Species of Catharanthus roseus, a tropical plant commonly known as periwinkle, were grown in a greenhouse. Leaves, free-hand sections of the stem, root were collected and further cut to prepare cryo-blocks. Thin, excised pieces of few mm2 plant tissue were transferred into disposable plastic cryomolds (Tissue-Tek®; Sakura Finetek), cryogel (Tissue-Tek® O.C.T. Compound; Sakura Finetek) was added and the blocks were immediately frozen in liquid nitrogen and stored at −80 °C.

For Raman microscopy dissects from leaves, stem, and root within the frozen blocks were cut with a cryostat (Leica CM3050 S, Leica Biosystems) into 4–6 µm thin sections and mounted on SuperFrost microscope slides (Carl Roth GmbH). These samples were kept at room temperature for a couple of minutes and then washed in a series of ethanol solutions: 1 minute in 50% ethanol, 1 minute in 75% ethanol and 5 minutes in 90% ethanol. We added a few µl of MQ water, covered the tissue sections with a cover glass and sealed the samples with nail polish.

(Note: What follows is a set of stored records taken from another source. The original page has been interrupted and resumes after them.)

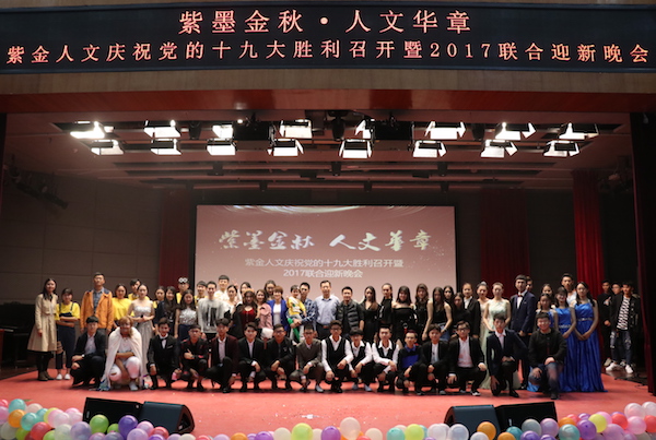 联合举办的“紫墨金秋·人文华章”——紫金人文庆祝党的十九大胜利召开暨2017联合迎新晚会于11月5日晚7点在博学厅隆重举办。人文学院党委郑志刚副书记、紫金学院党委郑寿副书记、紫金学院团委李金土书记、人文学院团委叶阁泽书记出席本次晚会。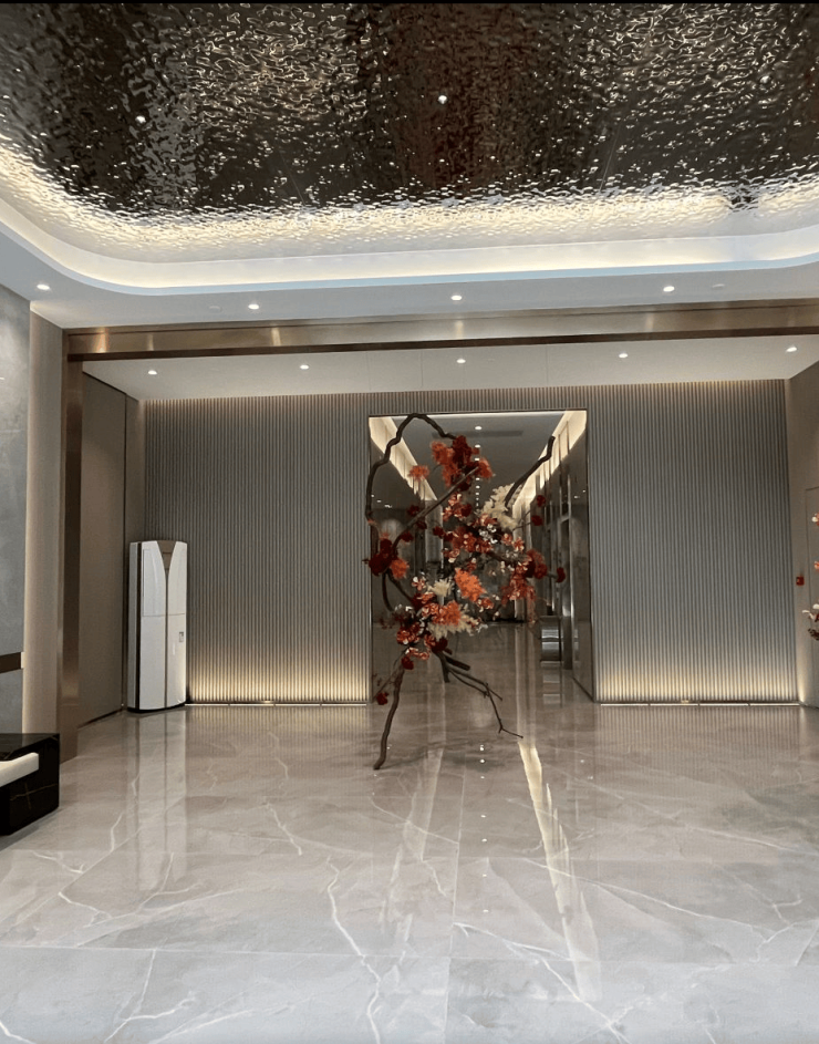 从工程建设细节来看,项目裙楼采用铝板外立面,质感十足,尽显品质感;入户大堂采用挑高设计,顶部弧形顶面搭配金属包边腰线装饰,辅以艺术装置和绿植点缀,现代格调浓郁。目前,项目主体结构已全部完工,正在进行内部装修和公共区域装饰工程,各项工程严格按照施工标准推进,确保按时交付。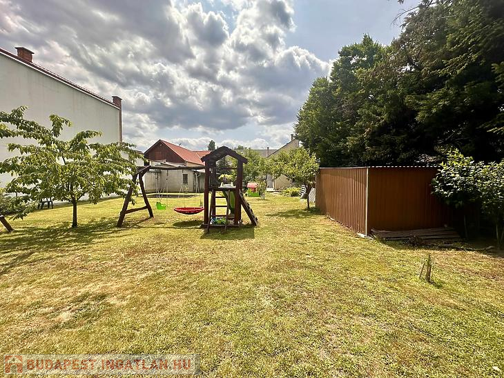 XV. KERÜLETBEN: KÖZPONTHOZ KÖZEL, CSENDES UTCÁBAN, JÓ ÁLLAPOTÚ, 75 M2, AMERIKAI KONYHÁS NAPPALIS, 2 SZOBÁS HÁZRÉSZ, 200 M2 KERTTEL, 13 M2 PINCÉVEL, 12 M2 TÁROLÓVAL, AUTÓBEÁLLÓVAL.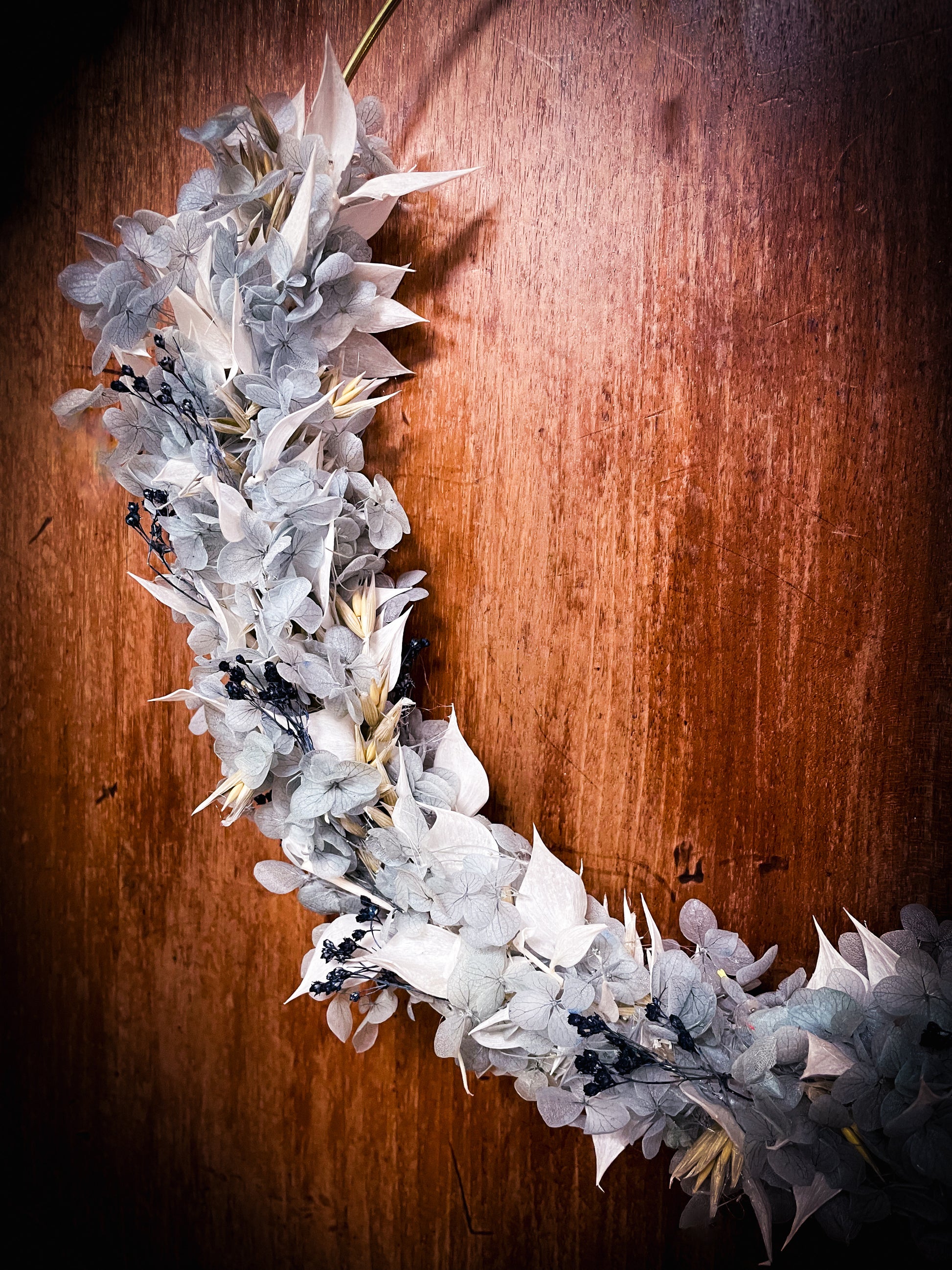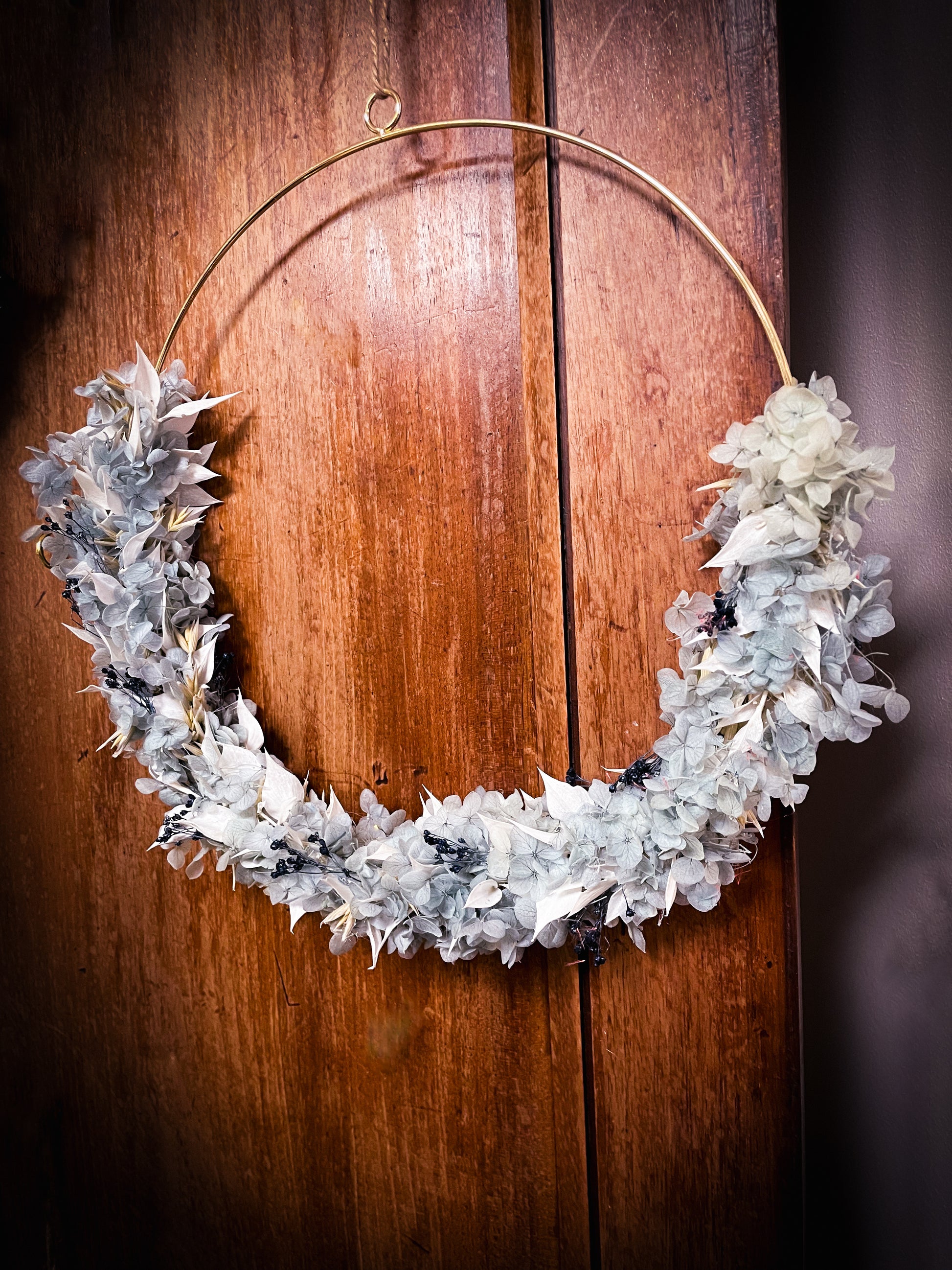 Hortensia bleu, ruscus blanc, broom bloom composé cette couronne murale de fleurs séchées aux teintes hivernales.

Raman micro-spectrometry was performed on an inverse Raman microscope (XploRA® INV, HORIBA Jobin Yvon GmbH) using a Nikon CFI PlanApo 100x/1.4 oil immersion objective. A solid-state laser at 532 nm (40 mW) provided excitation and Raman spectra were recorded with a thermoelectrically cooled EMCCD (DU970P-FI-328, ANDOR Oxford Instruments). Altogether 168,783 spectra were collected from an ~(52.3 μm*45.7 μm) area with 120 nm step size both in X and Y directions.

Results

Model maps

‘Distinct model’

In the ‘distinct model’, the two different spectra were completely separated in space arranged in two concentric circles (outer circle: spectrum-1; inner circle spectrum-2), no cross-contamination was present (see Supplementary Information 2). No noise was added.

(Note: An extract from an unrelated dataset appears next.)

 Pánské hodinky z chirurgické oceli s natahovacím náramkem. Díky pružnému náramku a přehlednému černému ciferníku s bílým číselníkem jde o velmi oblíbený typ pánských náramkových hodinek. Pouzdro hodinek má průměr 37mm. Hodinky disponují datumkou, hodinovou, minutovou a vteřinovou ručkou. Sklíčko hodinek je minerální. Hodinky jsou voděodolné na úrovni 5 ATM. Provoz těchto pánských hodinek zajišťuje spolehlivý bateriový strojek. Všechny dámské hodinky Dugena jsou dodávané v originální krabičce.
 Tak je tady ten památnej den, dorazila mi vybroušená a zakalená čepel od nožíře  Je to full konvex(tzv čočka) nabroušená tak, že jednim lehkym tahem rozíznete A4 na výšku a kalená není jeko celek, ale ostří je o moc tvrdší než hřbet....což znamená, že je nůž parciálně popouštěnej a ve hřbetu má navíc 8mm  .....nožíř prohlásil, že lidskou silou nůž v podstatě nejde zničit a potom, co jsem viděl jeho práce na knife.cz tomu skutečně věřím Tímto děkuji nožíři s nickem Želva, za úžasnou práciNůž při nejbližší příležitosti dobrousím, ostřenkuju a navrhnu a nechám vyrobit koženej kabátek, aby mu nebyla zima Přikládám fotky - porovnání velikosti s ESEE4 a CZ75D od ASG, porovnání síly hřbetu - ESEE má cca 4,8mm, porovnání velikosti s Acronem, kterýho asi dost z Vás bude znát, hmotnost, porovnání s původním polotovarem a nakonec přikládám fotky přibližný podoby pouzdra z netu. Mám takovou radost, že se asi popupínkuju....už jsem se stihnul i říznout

The most important results obtained in this simulation are presented in Fig. 1. The ‘average’ V1-map showed one ring since the intensity ratio of spectrum-1/spectrum-2 was 100:1, thus, only the distribution of spectrum-1 was seen. V2-map showed the largest deviation from the average, here the distribution of spectrum-2 became clearly visible. V3-map contained only the digital noise. W had only two significant Wii values (‘Weights’ panel). As regards the basis-spectra (‘Ui-spectra’ panel), since U1 was the average spectrum of the map the minute contribution of the minor spectrum was only hardly visible. U2, however, clearly indicated the deviation from the average at the maximum of spectrum-2 (1850 cm−1), and it showed a small negative peak at the maximum of spectrum-1 (1620 cm−1).

Figure 1
figure 1

Analysis of the ‘distinct’ model. Different panels are assigned by their titles. Color code for Ui spectra: red-U1, blue-U2, green-U3. For clustering, 2 Vi maps were used and 3 clusters were calculated. For details, see the text.

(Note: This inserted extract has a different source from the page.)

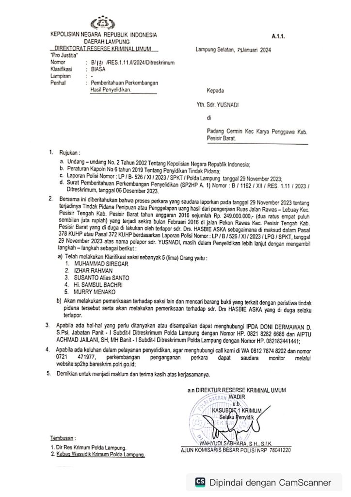 Sementara itu, pihak Polda Lampung seperti yang tertulis dalam Surat yang ditujukan kepada Yusnadi, menyatakan telah melakukan pemeriksaan terhadap saksi lain dan mencari barang bukti yang terkait dan telah melakukan pemeriksaan terhadap sdr. Drs. Hasbie Aska diduga selaku terlapor.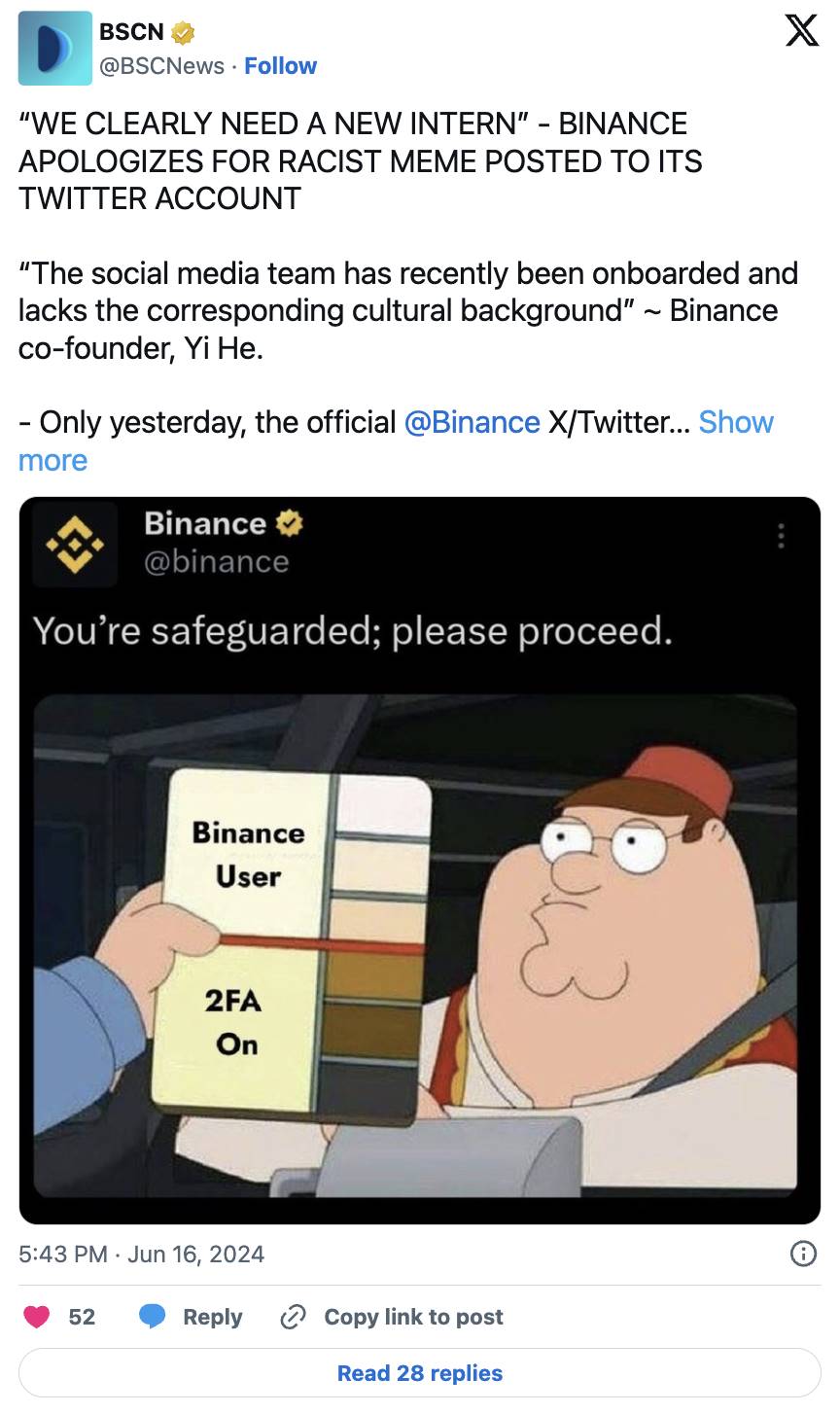 币安 (Binance),作为全球最大的加密货币交易所,今年 6 月在 X(原推特)上发布了一张 Meme 图片。这张图片被认为带有种族歧视的暗示,引发了广泛争议。对此,币安将责任归咎于其社交媒体团队的一名实习生,称其“缺乏必要的文化背景”,因此未能意识到图片的种族主义含义。

The V1-V2-V3 scatter map showed three distinct groups; therefore, for clustering, we used the significant V1-V2 maps and calculated three clusters. The spectra of the clusters were well separated, the blue spectrum (which agreed perfectly with spectrum-2) was 1% of the red spectrum (which agreed with spectrum-1), the background was a straight line (‘Cluster spectra’ panel).

‘Overlapping model’

The overlapping model (Fig. 2) also contained spectrum-1 and spectrum-2 in two concentric circles at a 100:1 intensity ratio, but their spatial distribution was overlapping (see Materials and Methods and SI-2). The V maps indicated that there were two significant components in the map. Conventional analysis, the equivalent of the ‘average’ V1-map, displayed only the spectrum-1 distribution and did not show spectrum-2 at the inner circle. The V2-map, however, indicated the presence of spectrum-2. For both spectra, their distributions perpendicular to their respective circles were also visible. The W matrix had again two significant values in its diagonal (‘Weights’), The V1-V2-V3 scatter plot, however, did not give a clear indication about how many different clusters were present.

Figure 2
figure 2

Analysis of ‘overlapping model’. Different panels are assigned by their titles. Color code for Ui spectra: red-U1, blue-U2, green- U3. For clustering, 2 Vi maps were used and 3 clusters were calculated. For details, see the text.

The Ui spectra were very similar to those of the ‘distinct’ model; U1 displayed the average spectrum, U2 the same deviations from the average at two maxima of spectrum-1 (1620 cm−1) and spectrum-2 (1850 cm−1).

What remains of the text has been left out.